==== INFORMATION SUPPLIED
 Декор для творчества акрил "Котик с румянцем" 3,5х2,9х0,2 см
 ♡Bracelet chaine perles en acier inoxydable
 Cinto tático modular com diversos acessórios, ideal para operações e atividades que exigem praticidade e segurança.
========
==== INFORMATION SUPPLIED
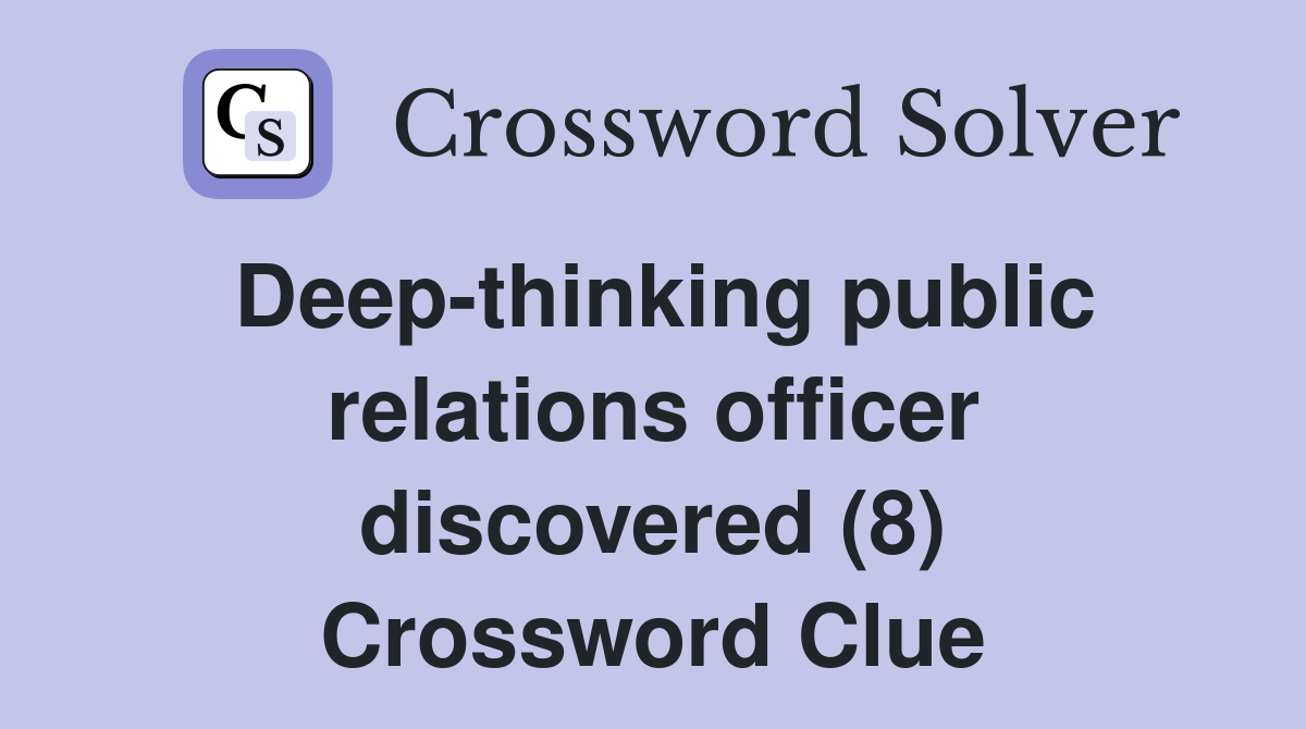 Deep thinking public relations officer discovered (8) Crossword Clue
========
From the entries above, give again exactly the lines running from the line with "en acier inoxydable" to the line with "Cinto tático modular"; include both of those lines.

- SOLUTION FOR THIS EXERCISE
 ♡Bracelet chaine perles en acier inoxydable
 Cinto tático modular com diversos acessórios, ideal para operações e atividades que exigem praticidade e segurança.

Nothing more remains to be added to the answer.